* **EXERCISE REQUIREMENTS**: Copy out the listing that follows, exactly, without its pictures.

* **SOURCE RECORDS**:
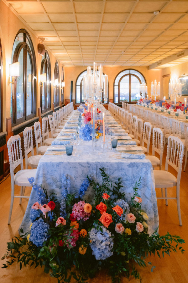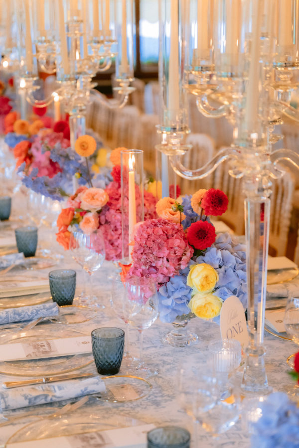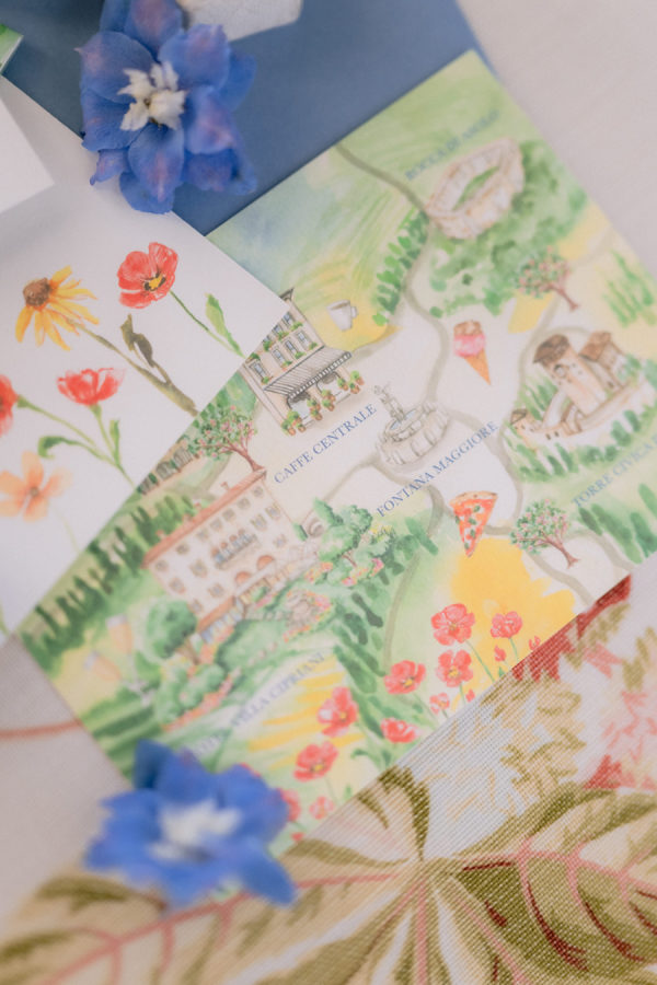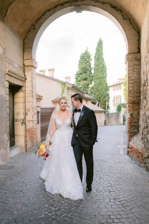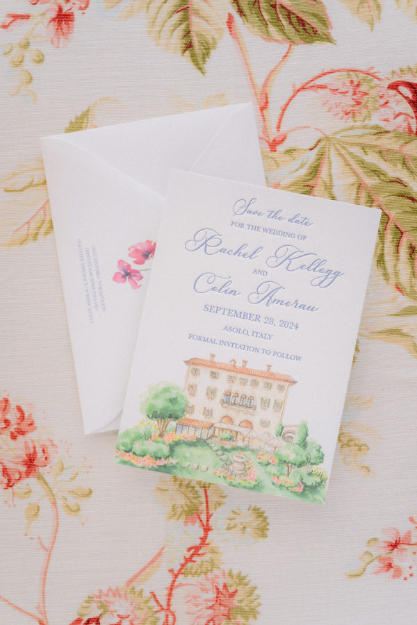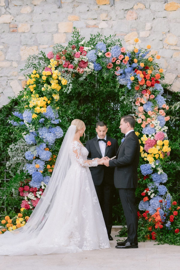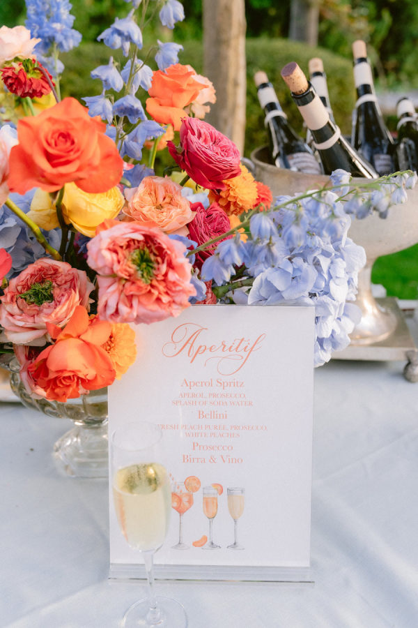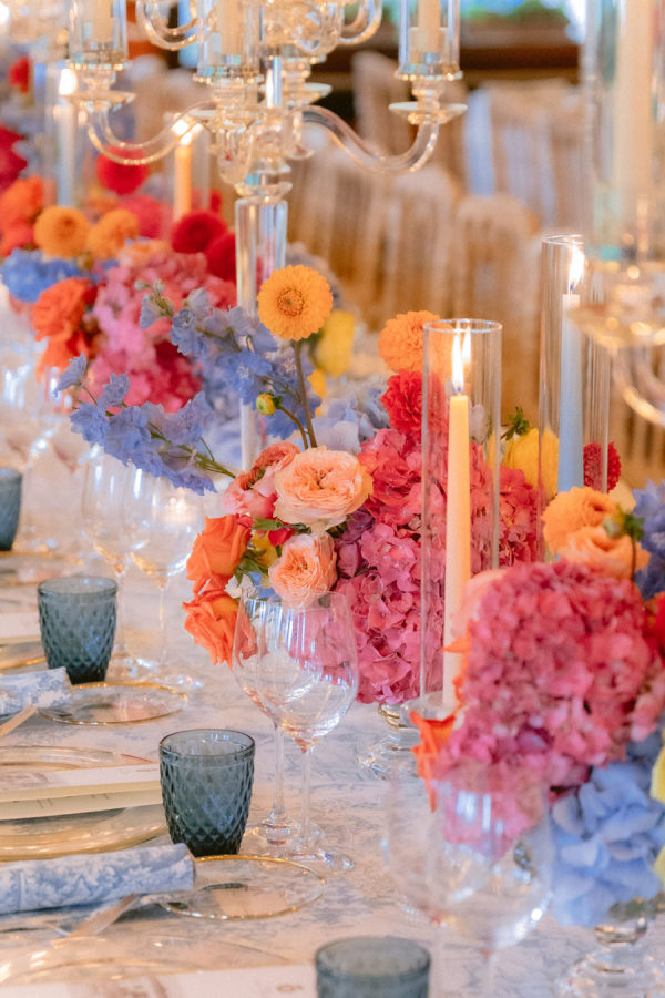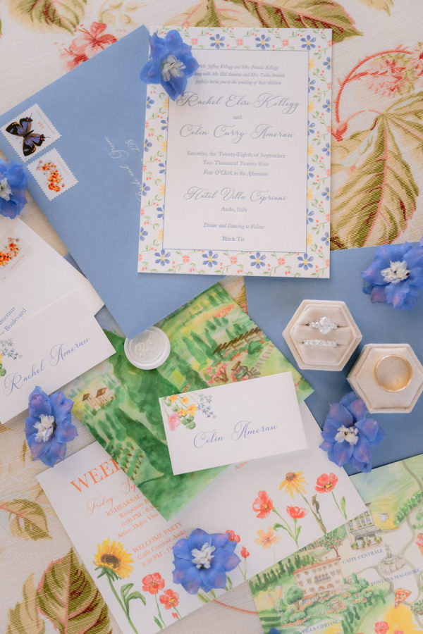 From the bride: Asolo holds a special place in our hearts—the people, the charm, the artistry, the history, and, of course, its undeniable beauty. It’s called The City of a Hundred Horizons for a reason! When envisioning our wedding, we wanted it to feel like a natural extension of Asolo’s beauty, not something that overshadowed it. That intention guided every decision, from the save-the-dates and invitations to the flowers, place cards, tablescapes, and gift bags. Every detail reflected the essence of Asolo and our venue, Hotel Villa Cipriani. The invitations featured a watercolor design inspired by the artisan tile found in each guest room’s bathroom at the hotel—a detail the bride fell in love with on her very first visit. A vellum wrap overlay showcased a delicate watercolor of the hotel’s gardens and surrounding prosecco fields, setting the tone for the celebration to come. With a love for color, the bride envisioned vibrant yet harmonious hues woven throughout the wedding. A striking floral arch served as the ceremony’s focal point, bursting with shades of blue, orange, pink, and green against the hotel’s historic stone backdrop. This balance of tradition and fresh vibrancy carried into the reception, where blue and white toile tablecloths, elegant candelabras, and colorful candles complemented the hotel’s signature floral plates. At its core, the bride’s vision was simple: a wedding that was timeless, beautiful, colorful, and, above all, fun!
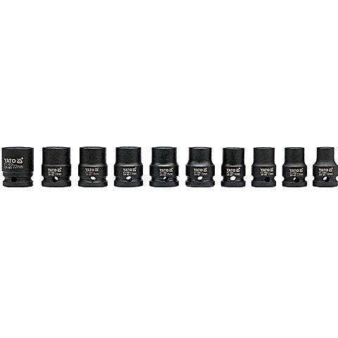 Yato Juego De Dados De Impacto (1/2''). 10 Piezas: 10, 12, 13, 14, 15, 16, 17, 18, 19, 22 Mm; Material: Crmo Scm-440 Con Acabado Negro Fosfatado Juego De Dados De Impacto, Juego De Dados, Dados De Impacto
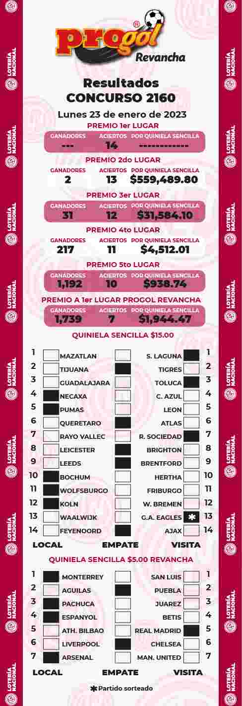 Pronósticos. Resultados Progol y revancha 2160 del Lunes 23 de Enero de 2023. Comprueba tu boleto del Progol.
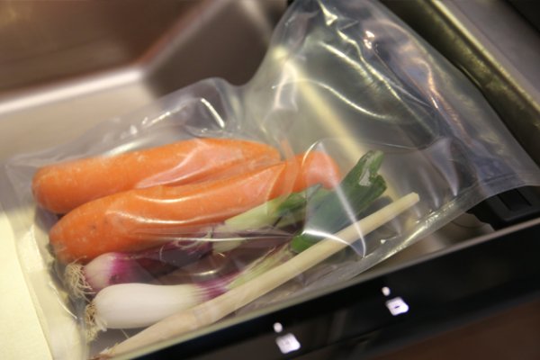 1. Ihre Speisen können Sie bereits vakuumiert kaufen oder eigene Kochideen zu Hause selbst eintüten: Einfach die Zutaten waschen und sorgfältig vorbereiten, evtl. schälen und mit etwas Butter, Salz und Gewürzen in den Beutel geben. Wenige Gewürze reichen bereits aus.
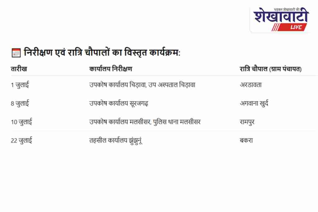 झुंझुनूं, जिला प्रशासन ने जुलाई 2025 माह के लिए प्रशासनिक निरीक्षण और रात्रि चौपालों का शेड्यूल जारी किया है। यह कार्यक्रम जिला कलेक्टर डॉ. अरुण गर्ग के निर्देशानुसार आयोजित किए जाएंगे।
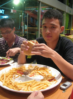 anw yea rujun finally finished like an hour later. i really don't know whether to be proud of him or utterly disgusted of him la. i mean, its like 50-50 la hahahah. its so piggish, but yet i'm half in awe. D: its really quite an achievement what.
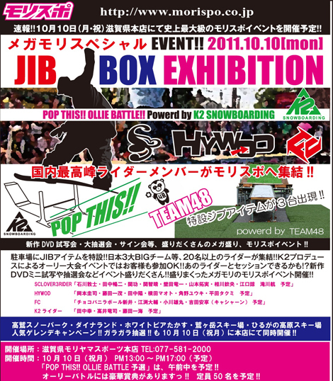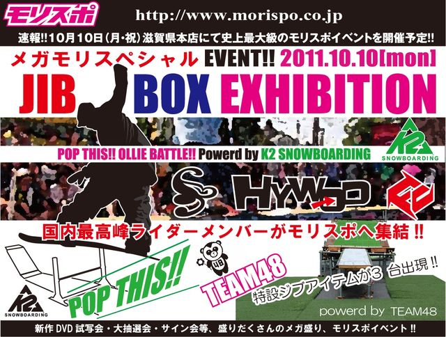 メガ盛り!!スペシャルモリスポイベント開催決定!! 10月10日(祝月)in守山本店 2011年10月10日(祝月)滋賀県モリヤマスポーツ本店にて史上最大級のモリスポイベントが開催されます!! 「メガモリスペシャルイベント!!ジブボックスエキシビジョン!! POPTHIS オーリーバトル!!」 なんとっ!!国内最高峰のライダーが滋賀モリスポ守山本店に集結!!!!! SCLOVER3RIDER・HYWOD・FC・そしてK2チームのメンバーがあなたの目の前でスーパースキルを見せつけてくれますっ!! SCLOVER3「石川敦士・田中暢二・関功・関智晴・壁田竜一・山本拓実・相川
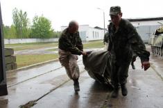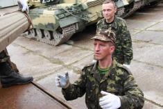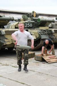 Вскоре мы пошли на обед. Обычно солдаты в столовой почти не едят, туда ходят чтобы разве что похлебать супца. Трапеза у меня была спартанская. Салат из буряка, жидкий суп и … повторно используемая одноразовая посуда. И по виду моей ложки было видно, что ее грыз очень голодный солдат, а может даже и микромайор. Не могу сказать, что я наелся, но потом это поправили в каптерке – подкормив консервами и бутербродами. Спасибо им за это огромное. Кроме того, местное население и самооборона помогают служивым едой. После подзаправки, мы снова отправились в боксы. Там я уже смог посидеть в танке. На вид грозная махина, а вот поди ж ты: в бою живет не больше 5 минут, плюс если услышал, что слой активной брони с коробки снят взрывом – беги. Грустно было узнать, что если дуло танка стоит прямо, то водитель танка не выберется из машины в случае пожара. И еще добавьте туда новые противотанковые системы….короче страшилок я наслушался.
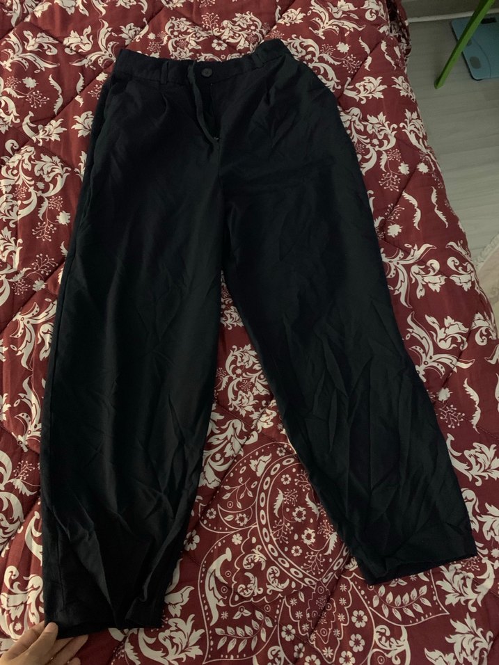 Kadınlar için lacivert , rahat kesim kumaş pantolon. Midi boyu ve minimalist tarzıyla günlük kullanıma uygun, sentetik kumaştan yapılmıştır. Ütüsüz olduğu için kusura bakmayın s beden fakat m bedenede olur ben m bedende kullandım
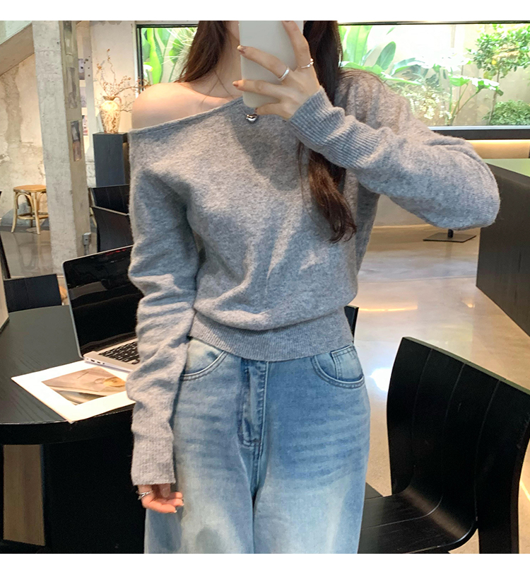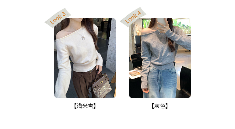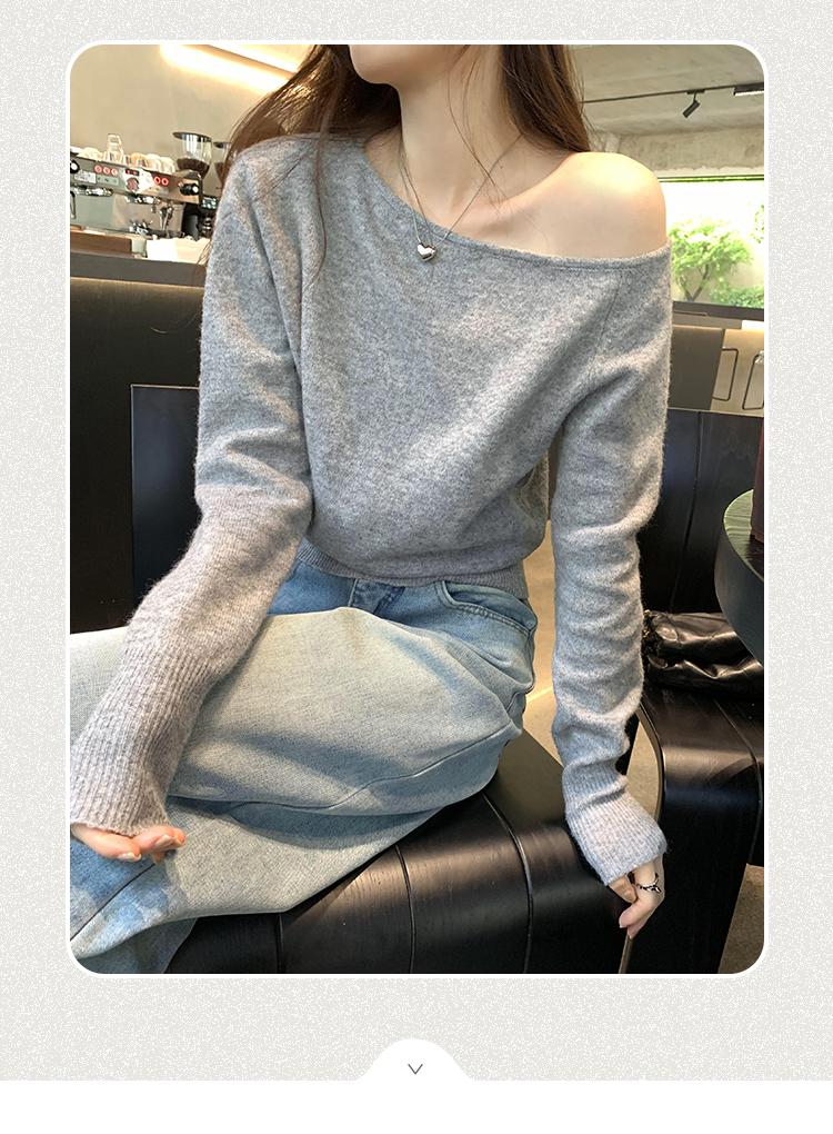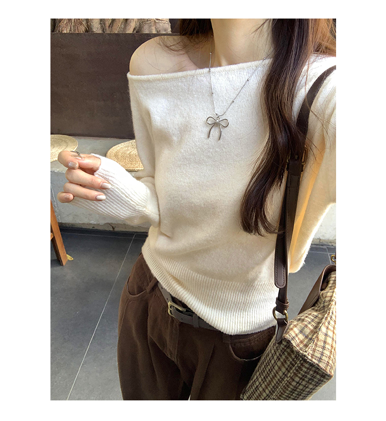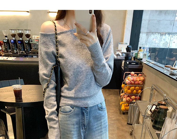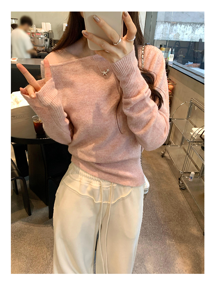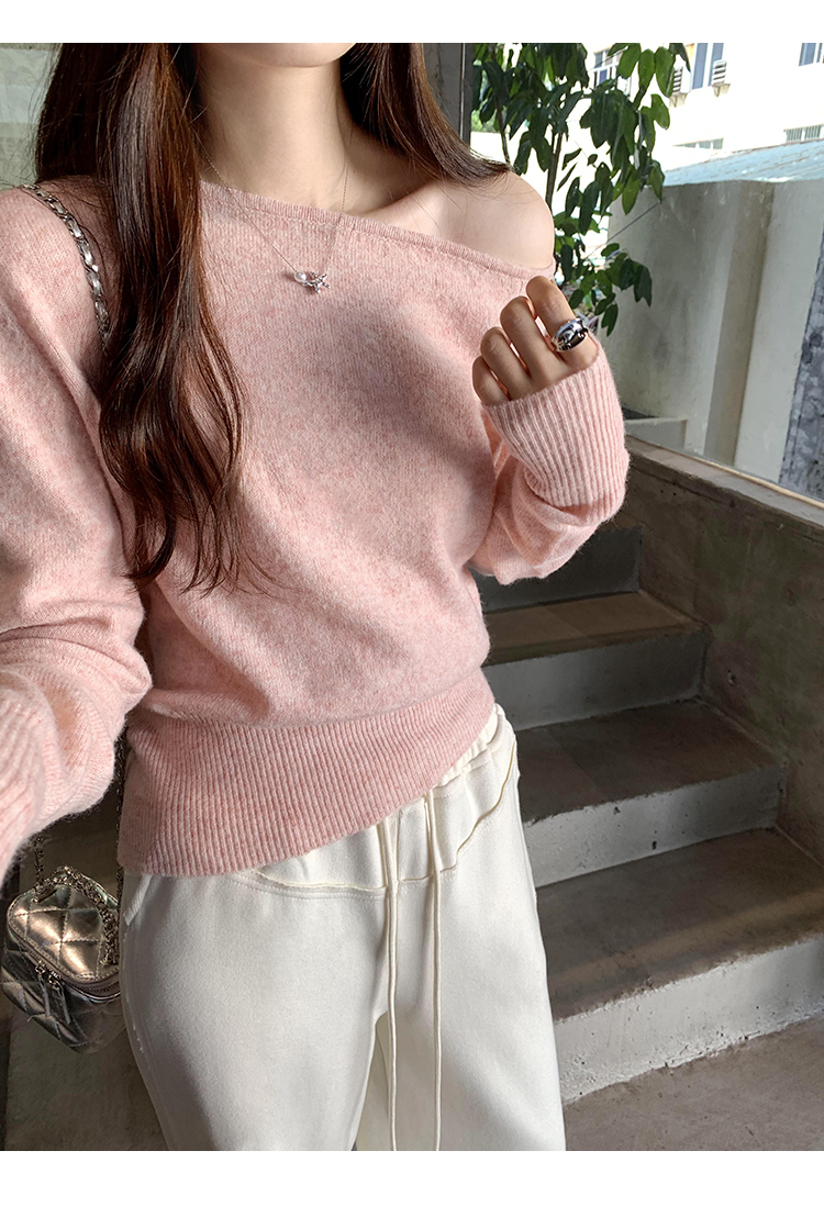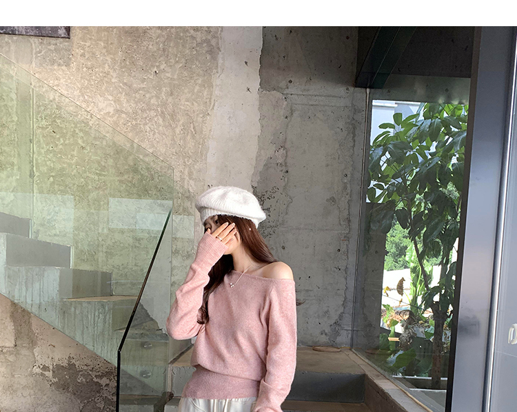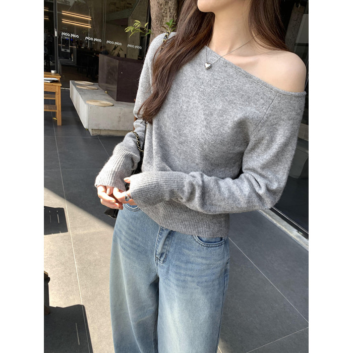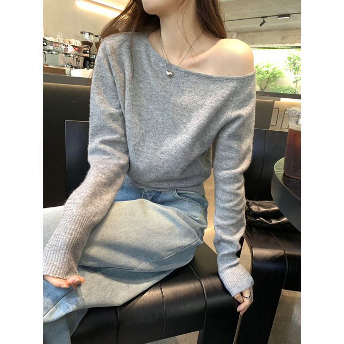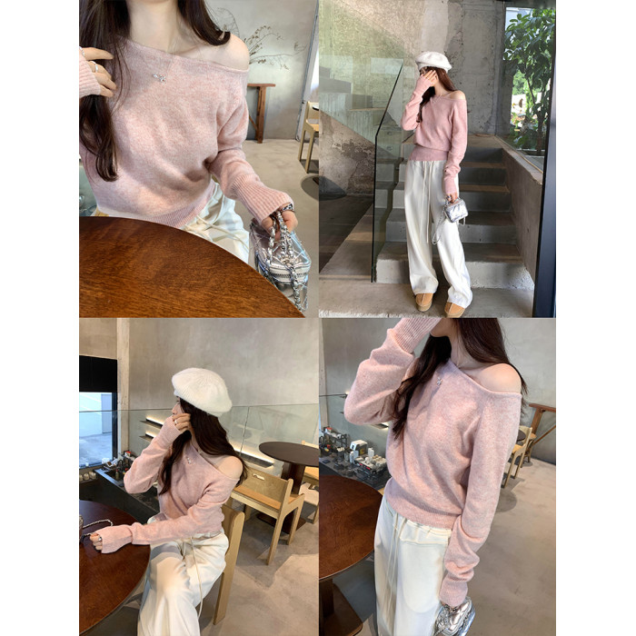 高級感粉色一字肩斜肩灰色針織打底衫毛衣女冬新款長袖露肩小上衣
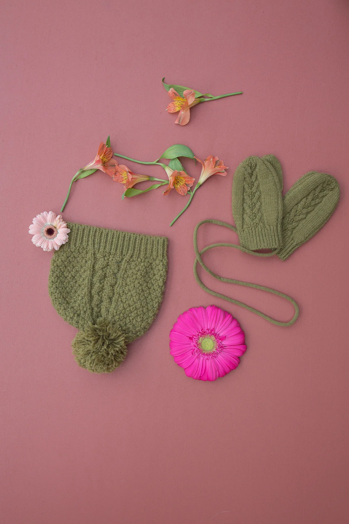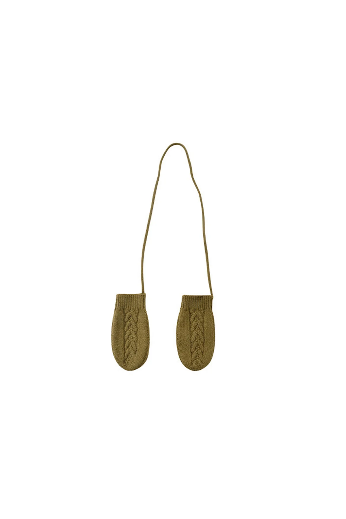 - Moufles tricotées avec détails de torsades et jeux de points fantaisie.
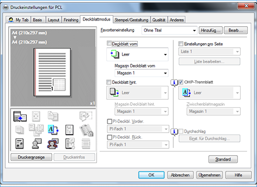 Aktivieren Sie auf der Registerkarte [Deckblattmodus] das Kontrollkästchen [OHP-Trennblatt].

* **TASK RESPONSE**:
 From the bride: Asolo holds a special place in our hearts—the people, the charm, the artistry, the history, and, of course, its undeniable beauty. It’s called The City of a Hundred Horizons for a reason! When envisioning our wedding, we wanted it to feel like a natural extension of Asolo’s beauty, not something that overshadowed it. That intention guided every decision, from the save-the-dates and invitations to the flowers, place cards, tablescapes, and gift bags. Every detail reflected the essence of Asolo and our venue, Hotel Villa Cipriani. The invitations featured a watercolor design inspired by the artisan tile found in each guest room’s bathroom at the hotel—a detail the bride fell in love with on her very first visit. A vellum wrap overlay showcased a delicate watercolor of the hotel’s gardens and surrounding prosecco fields, setting the tone for the celebration to come. With a love for color, the bride envisioned vibrant yet harmonious hues woven throughout the wedding. A striking floral arch served as the ceremony’s focal point, bursting with shades of blue, orange, pink, and green against the hotel’s historic stone backdrop. This balance of tradition and fresh vibrancy carried into the reception, where blue and white toile tablecloths, elegant candelabras, and colorful candles complemented the hotel’s signature floral plates. At its core, the bride’s vision was simple: a wedding that was timeless, beautiful, colorful, and, above all, fun!
 Yato Juego De Dados De Impacto (1/2''). 10 Piezas: 10, 12, 13, 14, 15, 16, 17, 18, 19, 22 Mm; Material: Crmo Scm-440 Con Acabado Negro Fosfatado Juego De Dados De Impacto, Juego De Dados, Dados De Impacto
 Pronósticos. Resultados Progol y revancha 2160 del Lunes 23 de Enero de 2023. Comprueba tu boleto del Progol.
 1. Ihre Speisen können Sie bereits vakuumiert kaufen oder eigene Kochideen zu Hause selbst eintüten: Einfach die Zutaten waschen und sorgfältig vorbereiten, evtl. schälen und mit etwas Butter, Salz und Gewürzen in den Beutel geben. Wenige Gewürze reichen bereits aus.
 झुंझुनूं, जिला प्रशासन ने जुलाई 2025 माह के लिए प्रशासनिक निरीक्षण और रात्रि चौपालों का शेड्यूल जारी किया है। यह कार्यक्रम जिला कलेक्टर डॉ. अरुण गर्ग के निर्देशानुसार आयोजित किए जाएंगे।
 anw yea rujun finally finished like an hour later. i really don't know whether to be proud of him or utterly disgusted of him la. i mean, its like 50-50 la hahahah. its so piggish, but yet i'm half in awe. D: its really quite an achievement what.
 メガ盛り!!スペシャルモリスポイベント開催決定!! 10月10日(祝月)in守山本店 2011年10月10日(祝月)滋賀県モリヤマスポーツ本店にて史上最大級のモリスポイベントが開催されます!! 「メガモリスペシャルイベント!!ジブボックスエキシビジョン!! POPTHIS オーリーバトル!!」 なんとっ!!国内最高峰のライダーが滋賀モリスポ守山本店に集結!!!!! SCLOVER3RIDER・HYWOD・FC・そしてK2チームのメンバーがあなたの目の前でスーパースキルを見せつけてくれますっ!! SCLOVER3「石川敦士・田中暢二・関功・関智晴・壁田竜一・山本拓実・相川
 Вскоре мы пошли на обед. Обычно солдаты в столовой почти не едят, туда ходят чтобы разве что похлебать супца. Трапеза у меня была спартанская. Салат из буряка, жидкий суп и … повторно используемая одноразовая посуда. И по виду моей ложки было видно, что ее грыз очень голодный солдат, а может даже и микромайор. Не могу сказать, что я наелся, но потом это поправили в каптерке – подкормив консервами и бутербродами. Спасибо им за это огромное. Кроме того, местное население и самооборона помогают служивым едой. После подзаправки, мы снова отправились в боксы. Там я уже смог посидеть в танке. На вид грозная махина, а вот поди ж ты: в бою живет не больше 5 минут, плюс если услышал, что слой активной брони с коробки снят взрывом – беги. Грустно было узнать, что если дуло танка стоит прямо, то водитель танка не выберется из машины в случае пожара. И еще добавьте туда новые противотанковые системы….короче страшилок я наслушался.
 Kadınlar için lacivert , rahat kesim kumaş pantolon. Midi boyu ve minimalist tarzıyla günlük kullanıma uygun, sentetik kumaştan yapılmıştır. Ütüsüz olduğu için kusura bakmayın s beden fakat m bedenede olur ben m bedende kullandım
 高級感粉色一字肩斜肩灰色針織打底衫毛衣女冬新款長袖露肩小上衣
 - Moufles tricotées avec détails de torsades et jeux de points fantaisie.
 Aktivieren Sie auf der Registerkarte [Deckblattmodus] das Kontrollkästchen [OHP-Trennblatt].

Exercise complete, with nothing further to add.